- Origin: San Pedro, Los Angeles, California, U.S.
- Genres: R&B; soul; funk; disco;
- Years active: 1972–1983
- Past members: David T. Walker Wah Wah Watson (Melvin Ragin) Ray Parker Jr. Nathan East Wilton Felder Ernie Watts Ed Greene Gene Page Kenny G Lee Ritenour Don Peake John Roberts (Orchestra leader) Emmett North, Jr. Steve Guillory Sr. Stella Castelucci And Others

= The Love Unlimited Orchestra =

Orchestra formed by Barry White

The Love Unlimited Orchestra was a 40-piece string-laden orchestra formed by American singer Barry White, and serving as a backing unit for White and for female vocal trio Love Unlimited. From the early 1970s on, they also recorded several singles and albums under their own name.

==Career==
The orchestra was originally formed in 1972 to back White's female vocal group Love Unlimited for their debut album. The following year they began supporting White for his solo debut, I've Got So Much to Give.

Their biggest hit was 1973's instrumental single "Love's Theme". The track, written by Barry White, went to number 1 for one week in the US and number 10 in the UK. The RIAA awarded a gold disc in February 1974. The hit was included on the orchestra's debut album, Rhapsody in White, issued in 1974.

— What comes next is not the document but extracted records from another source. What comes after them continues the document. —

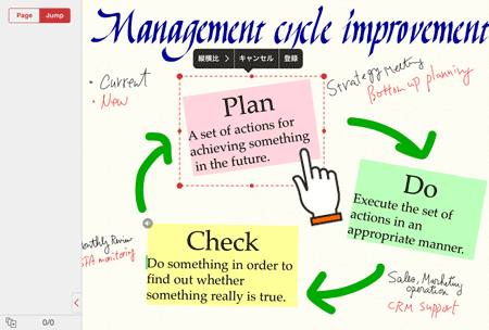 プレゼンテーションをするときに、必要なページだけを見せたり、注目させたいところにズームしたりでき、便利です。
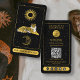 Um belo cartão de visita de tarô celeste preto e ouro e um tigre luar. Uma maneira simples e profissional de apresentar sua empresa. Personalize o logotipo comercial e o código QR e crie seu próprio cartão de visita. Ícones das mídias sociais incluídos nesta cartão de visita. Cartão de visita ideal para leitores de tarô e curadores de energia.
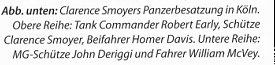 So schön es auch ist, daß Rheindorf als unbestrittene Höhepunkte seiner langjährigen Recherchen auch die Namen von einigen Soldaten im Panther und im Sherman heraus gefunden hat, so traurig ist es auf der anderen Seite aber auch, daß er aber noch nicht einmal 2 Soldaten aus dem Pershing, deren Namen bereits seit jeher bekannt sind, richtig auseinander halten kann. An zwei Stellen seines Buches zeigt er das bekannte Foto der Besatzung auf dem Pershing nach dem erfolgten Abschuß des Panther, welches ein Standbild aus dem Film von Kmeramann Rosenmann ist

Two follow-up albums, the soundtrack for the film Together Brothers and White Gold, were released later that year. White Gold featured the single "Satin Soul", which peaked at number 22 on the Billboard pop charts in early 1975. In 1976, Kenny Gorelick, later known as Kenny G, joined the orchestra as a saxophonist. Ray Parker Jr. was also a member in the mid-1970s.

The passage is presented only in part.